Give back exactly the lines that start at the one containing "会前,镇一级河长、相关职能部" and run to the end of the material, leaving out the pictures.

════════════════════

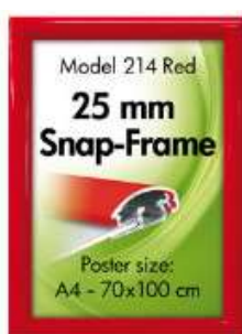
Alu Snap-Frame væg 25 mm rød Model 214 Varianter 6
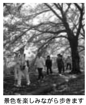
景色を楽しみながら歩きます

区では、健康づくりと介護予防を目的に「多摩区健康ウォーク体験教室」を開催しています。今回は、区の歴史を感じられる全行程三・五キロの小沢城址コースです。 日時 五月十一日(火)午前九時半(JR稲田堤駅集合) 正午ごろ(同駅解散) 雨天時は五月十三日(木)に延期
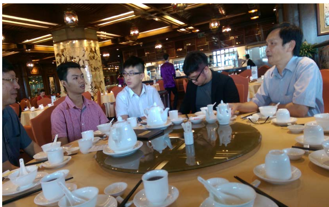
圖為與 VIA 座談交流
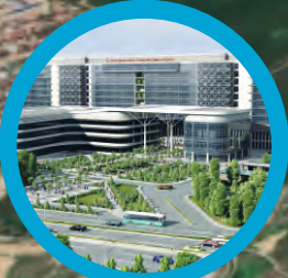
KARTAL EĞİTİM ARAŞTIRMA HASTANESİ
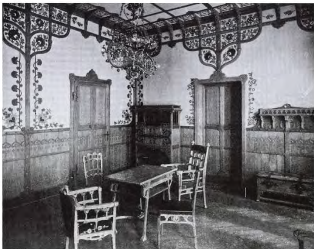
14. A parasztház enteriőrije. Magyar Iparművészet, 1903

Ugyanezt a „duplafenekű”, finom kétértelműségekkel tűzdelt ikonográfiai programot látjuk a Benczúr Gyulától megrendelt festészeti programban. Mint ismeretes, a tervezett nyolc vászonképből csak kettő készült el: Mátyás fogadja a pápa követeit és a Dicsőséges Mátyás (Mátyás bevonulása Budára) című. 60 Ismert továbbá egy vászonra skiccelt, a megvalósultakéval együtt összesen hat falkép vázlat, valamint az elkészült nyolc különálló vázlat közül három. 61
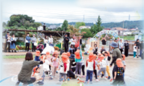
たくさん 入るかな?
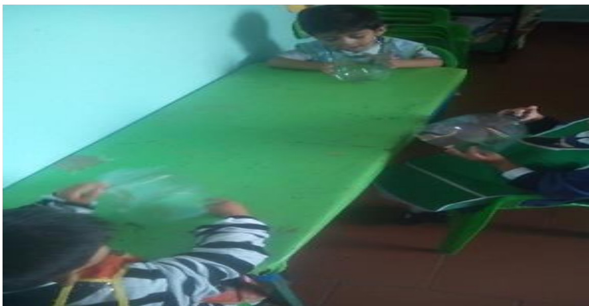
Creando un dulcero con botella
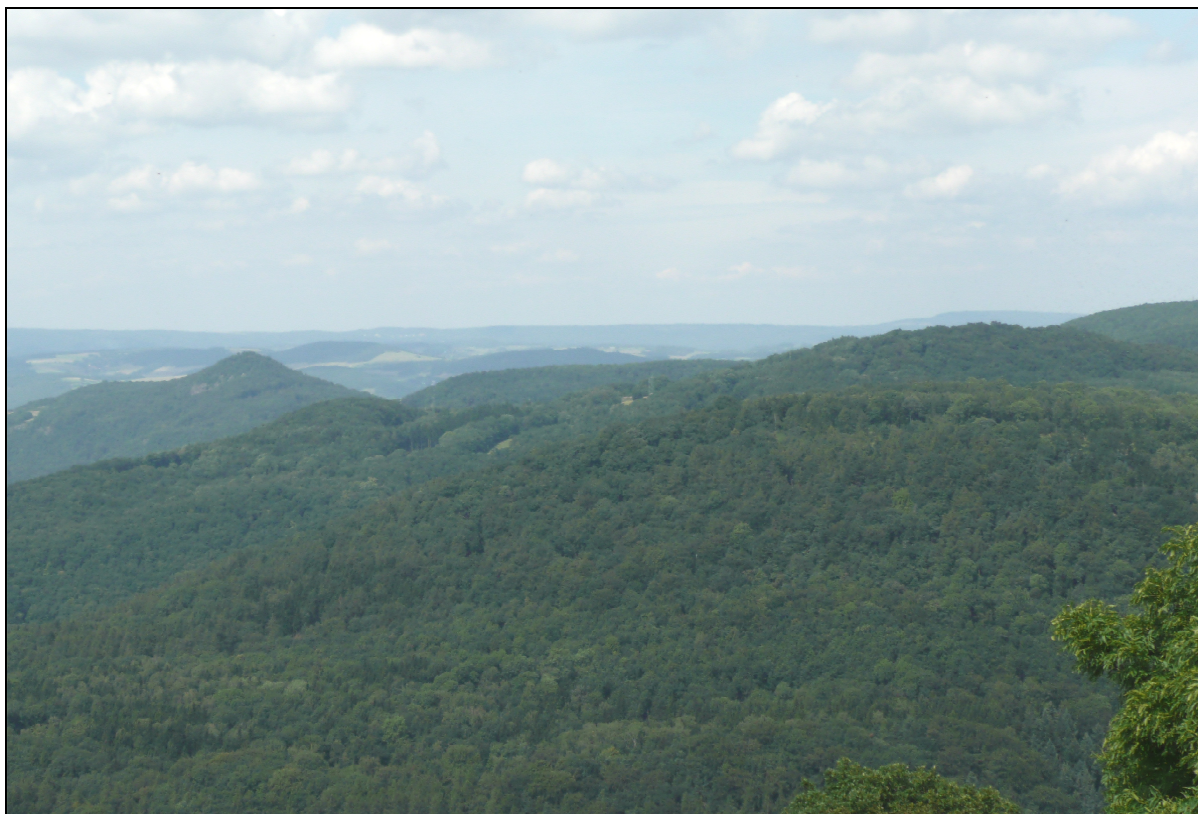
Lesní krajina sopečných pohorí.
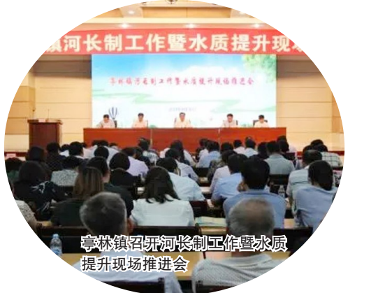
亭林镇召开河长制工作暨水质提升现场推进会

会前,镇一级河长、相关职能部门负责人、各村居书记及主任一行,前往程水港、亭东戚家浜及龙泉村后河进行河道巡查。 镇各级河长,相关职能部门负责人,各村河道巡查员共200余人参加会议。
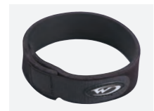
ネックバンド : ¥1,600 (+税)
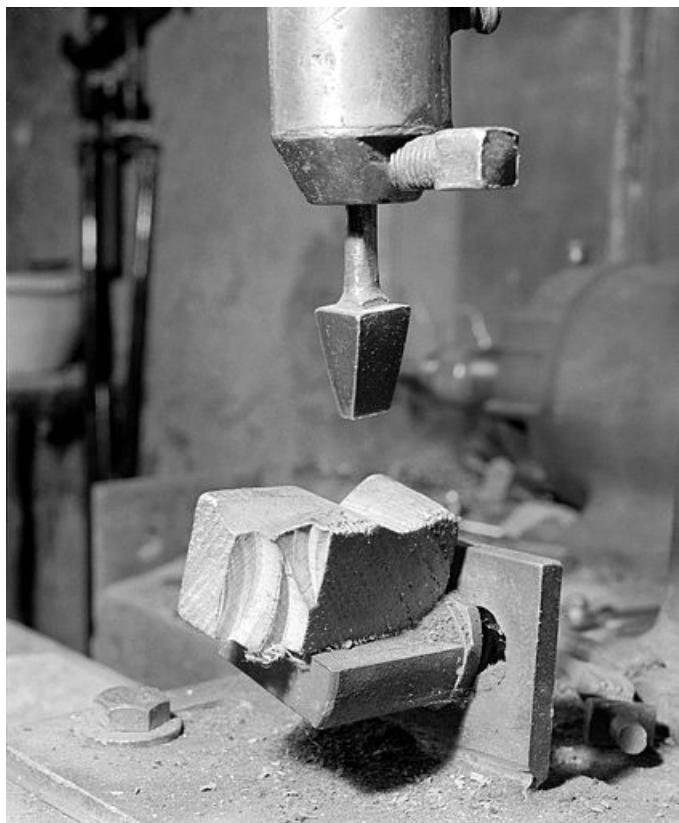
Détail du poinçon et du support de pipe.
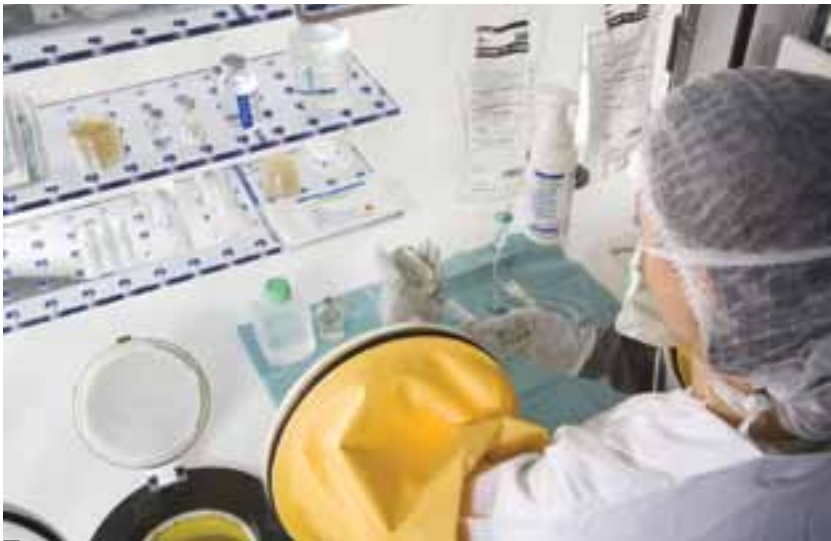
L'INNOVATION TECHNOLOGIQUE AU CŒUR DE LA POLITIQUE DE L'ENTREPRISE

════════════════════

• _Reply to the exercise_:
会前,镇一级河长、相关职能部门负责人、各村居书记及主任一行,前往程水港、亭东戚家浜及龙泉村后河进行河道巡查。 镇各级河长,相关职能部门负责人,各村河道巡查员共200余人参加会议。
ネックバンド : ¥1,600 (+税)
Détail du poinçon et du support de pipe.
L'INNOVATION TECHNOLOGIQUE AU CŒUR DE LA POLITIQUE DE L'ENTREPRISE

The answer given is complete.